[Data extract Boundary: Start]

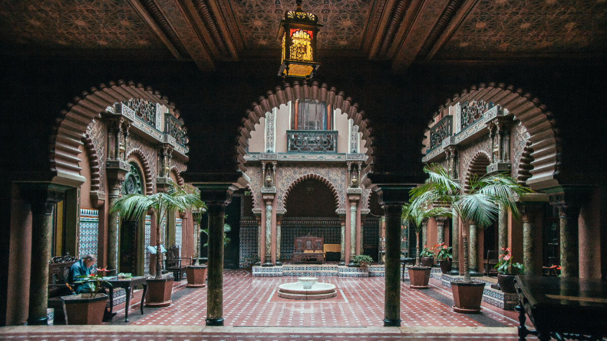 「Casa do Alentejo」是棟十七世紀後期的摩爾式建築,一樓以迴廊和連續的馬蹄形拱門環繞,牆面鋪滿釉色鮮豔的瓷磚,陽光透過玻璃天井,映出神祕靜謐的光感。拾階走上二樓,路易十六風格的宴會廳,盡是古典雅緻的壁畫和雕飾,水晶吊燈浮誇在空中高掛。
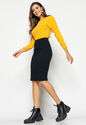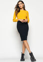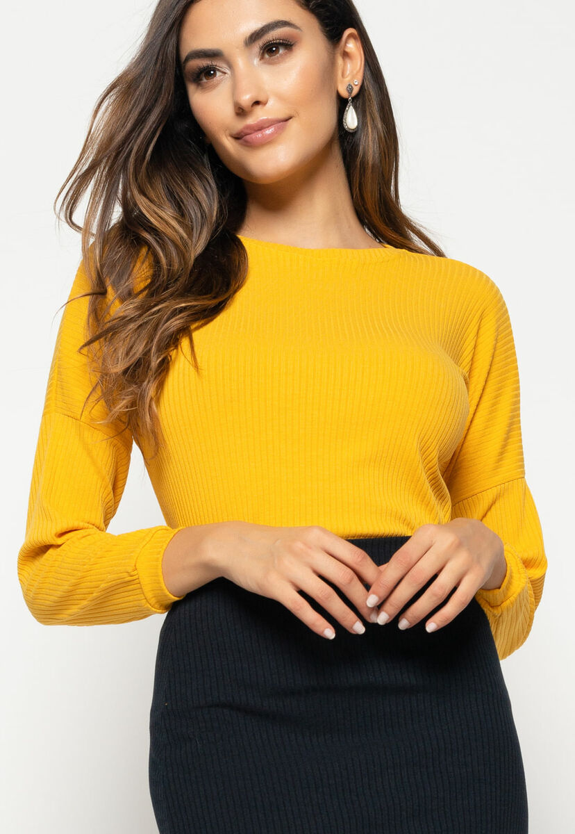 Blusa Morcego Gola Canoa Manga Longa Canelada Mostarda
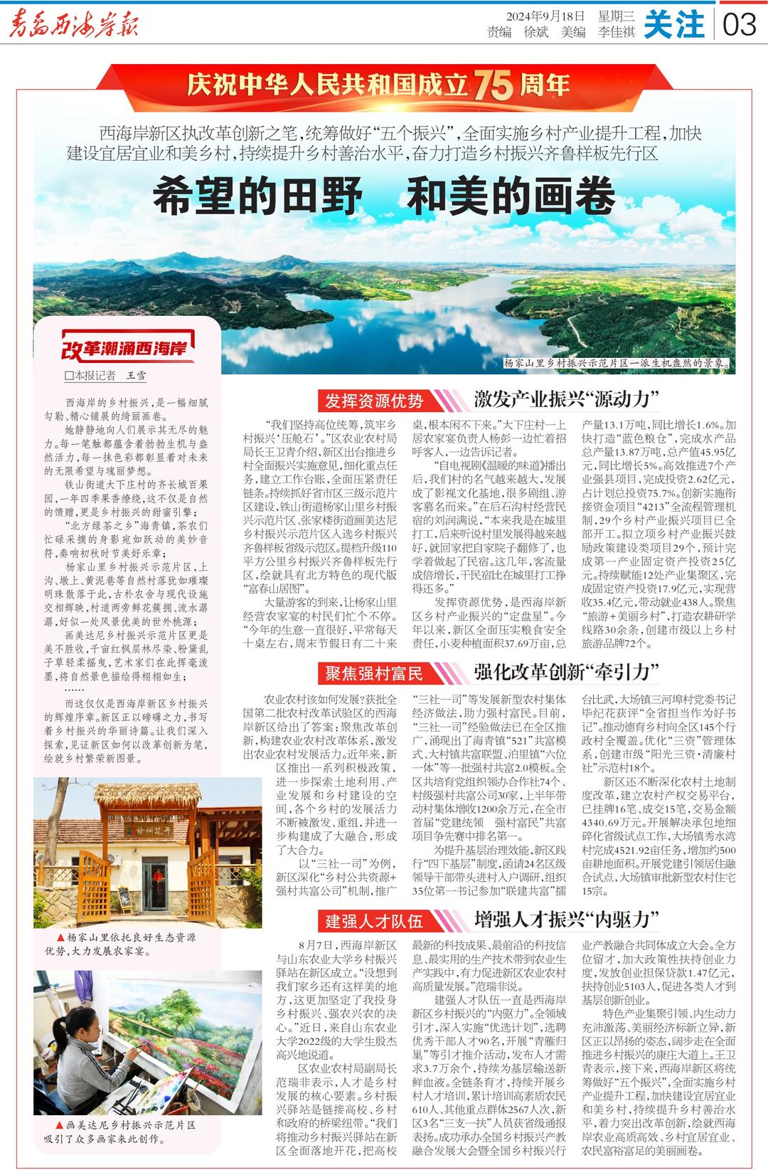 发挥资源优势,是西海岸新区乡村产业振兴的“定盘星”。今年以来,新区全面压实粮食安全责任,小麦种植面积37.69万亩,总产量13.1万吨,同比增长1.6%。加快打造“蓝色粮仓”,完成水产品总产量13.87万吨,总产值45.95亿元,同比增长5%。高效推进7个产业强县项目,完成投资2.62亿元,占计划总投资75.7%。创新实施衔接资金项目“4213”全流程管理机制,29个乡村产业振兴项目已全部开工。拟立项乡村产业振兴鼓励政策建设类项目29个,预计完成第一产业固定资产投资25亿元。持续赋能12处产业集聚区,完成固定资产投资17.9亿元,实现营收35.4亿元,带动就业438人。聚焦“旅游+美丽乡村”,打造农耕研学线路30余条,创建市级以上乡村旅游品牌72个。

[Data extract Boundary: End]

# Task requirements
Transcribe the data word for word, with no images.

# Answer for this exercise
 「Casa do Alentejo」是棟十七世紀後期的摩爾式建築,一樓以迴廊和連續的馬蹄形拱門環繞,牆面鋪滿釉色鮮豔的瓷磚,陽光透過玻璃天井,映出神祕靜謐的光感。拾階走上二樓,路易十六風格的宴會廳,盡是古典雅緻的壁畫和雕飾,水晶吊燈浮誇在空中高掛。
 Blusa Morcego Gola Canoa Manga Longa Canelada Mostarda
 发挥资源优势,是西海岸新区乡村产业振兴的“定盘星”。今年以来,新区全面压实粮食安全责任,小麦种植面积37.69万亩,总产量13.1万吨,同比增长1.6%。加快打造“蓝色粮仓”,完成水产品总产量13.87万吨,总产值45.95亿元,同比增长5%。高效推进7个产业强县项目,完成投资2.62亿元,占计划总投资75.7%。创新实施衔接资金项目“4213”全流程管理机制,29个乡村产业振兴项目已全部开工。拟立项乡村产业振兴鼓励政策建设类项目29个,预计完成第一产业固定资产投资25亿元。持续赋能12处产业集聚区,完成固定资产投资17.9亿元,实现营收35.4亿元,带动就业438人。聚焦“旅游+美丽乡村”,打造农耕研学线路30余条,创建市级以上乡村旅游品牌72个。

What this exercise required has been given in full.